▶ [Work task] Skip the pictures. Give all the data again exactly.

───── Input data

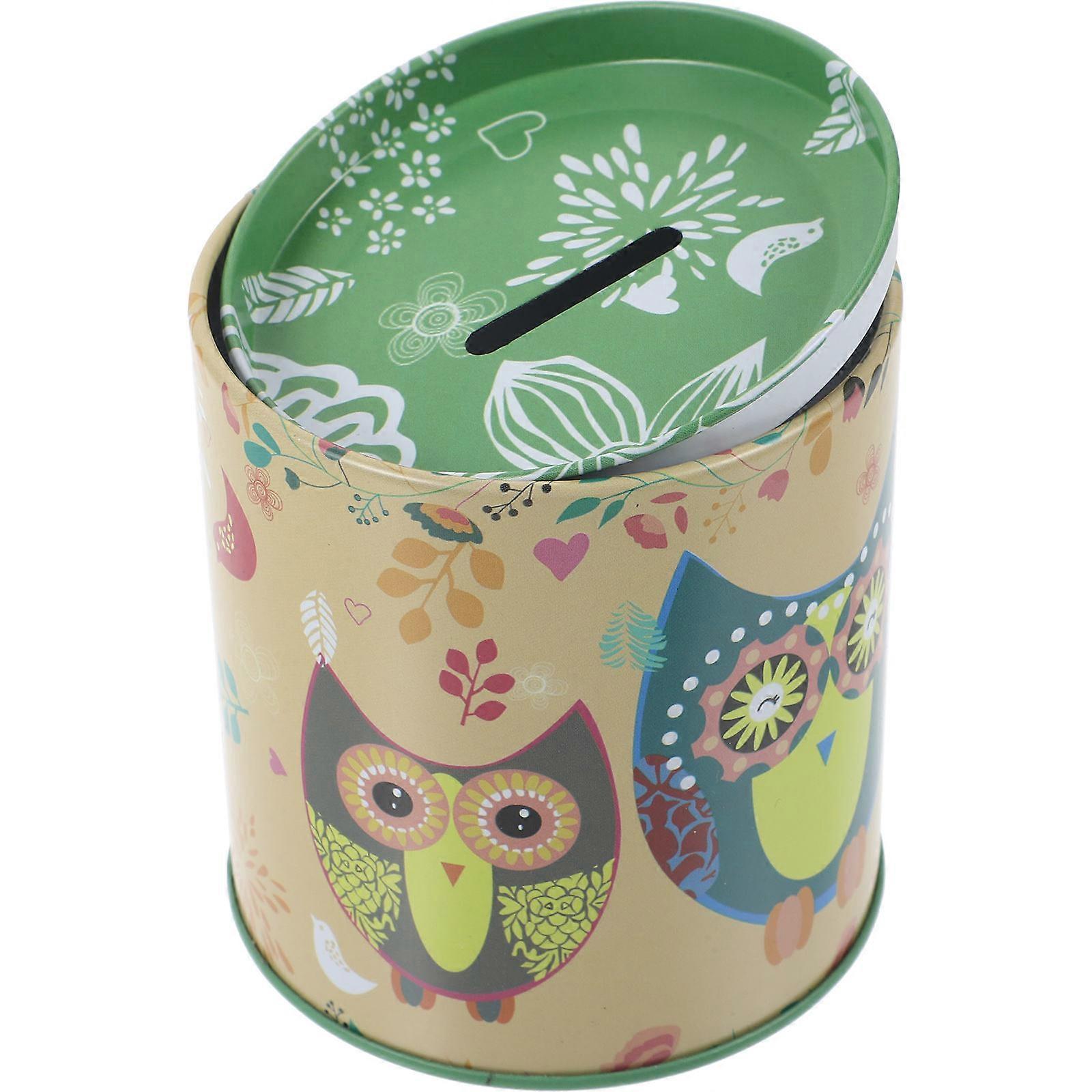 Cartoon Owl Tinplate Money Box with Lid – Round Desktop Coin Organizer & Decorative Piggy Bank for Boys, Sturdy Flat Base Cash Saving Jar
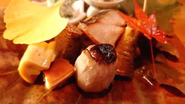 大きな枯れ葉であしらった八寸とか最高やん。
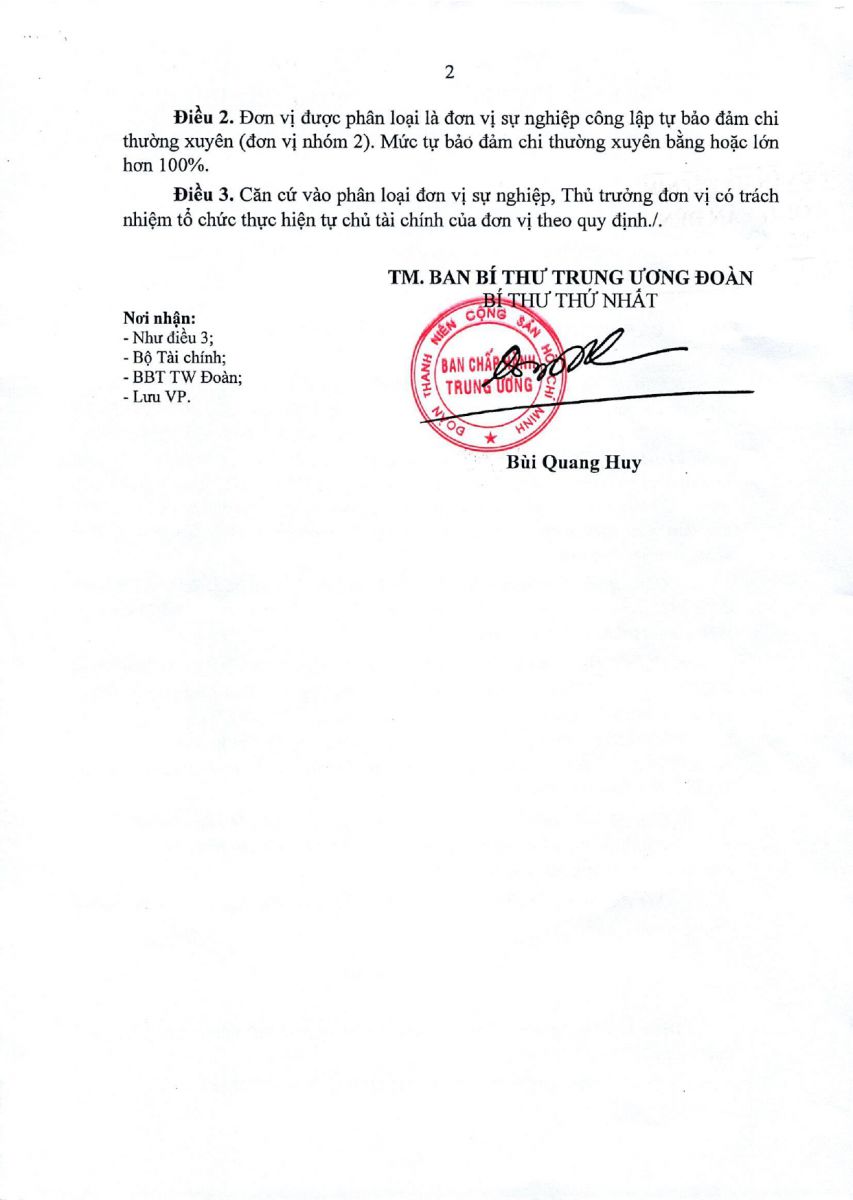 Ngày 27/6/2025, Ban Chấp hành Trung ương Đoàn TNCS Hồ Chí Minh đã ban hành Quyết định số 1054 - QĐ/TWĐTN-VP về việc giao quyền tự chủ tài chính đối với đơn vị sự nghiệp công lập giai đoạn 2026 - 2030 cho Học viện Thanh thiếu niên Việt Nam, nội dung cụ thể như sau:
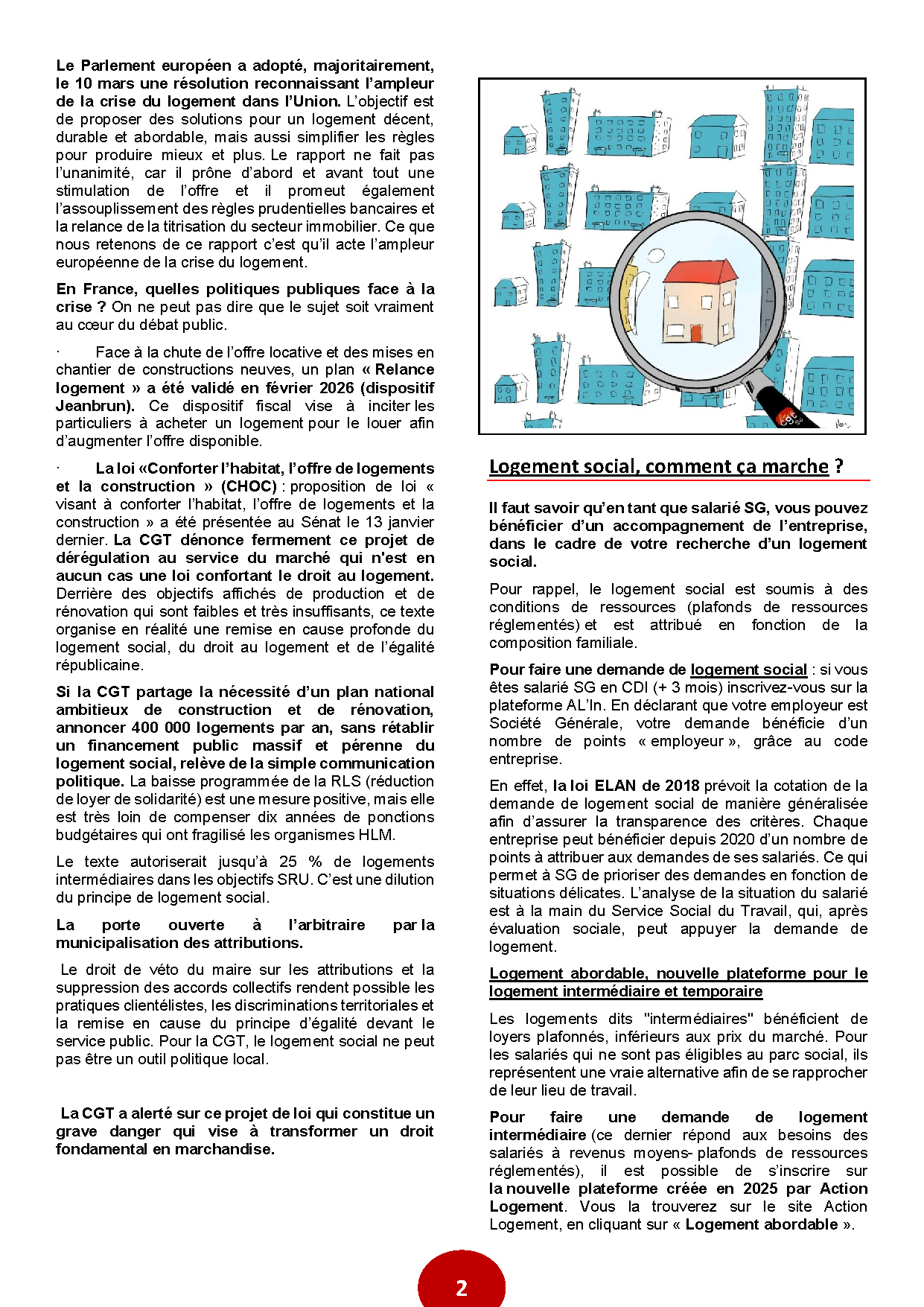 · La loi « Conforter l’habitat, l’offre de logements et la construction » (CHOC) : proposition de loi « visant à conforter l’habitat, l’offre de logements et la construction » a été présentée au Sénat le 13 janvier dernier. La CGT dénonce fermement ce projet de dérégulation au service du marché qui n'est en aucun cas une loi confortant le droit au logement. Derrière des objectifs affichés de production et de rénovation qui sont faibles et très insuffisants, ce texte organise en réalité une remise en cause profonde du logement social, du droit au logement et de l’égalité républicaine.

──────────

▶ [Response to the exercise]
 Cartoon Owl Tinplate Money Box with Lid – Round Desktop Coin Organizer & Decorative Piggy Bank for Boys, Sturdy Flat Base Cash Saving Jar
 大きな枯れ葉であしらった八寸とか最高やん。
 Ngày 27/6/2025, Ban Chấp hành Trung ương Đoàn TNCS Hồ Chí Minh đã ban hành Quyết định số 1054 - QĐ/TWĐTN-VP về việc giao quyền tự chủ tài chính đối với đơn vị sự nghiệp công lập giai đoạn 2026 - 2030 cho Học viện Thanh thiếu niên Việt Nam, nội dung cụ thể như sau:
 · La loi « Conforter l’habitat, l’offre de logements et la construction » (CHOC) : proposition de loi « visant à conforter l’habitat, l’offre de logements et la construction » a été présentée au Sénat le 13 janvier dernier. La CGT dénonce fermement ce projet de dérégulation au service du marché qui n'est en aucun cas une loi confortant le droit au logement. Derrière des objectifs affichés de production et de rénovation qui sont faibles et très insuffisants, ce texte organise en réalité une remise en cause profonde du logement social, du droit au logement et de l’égalité républicaine.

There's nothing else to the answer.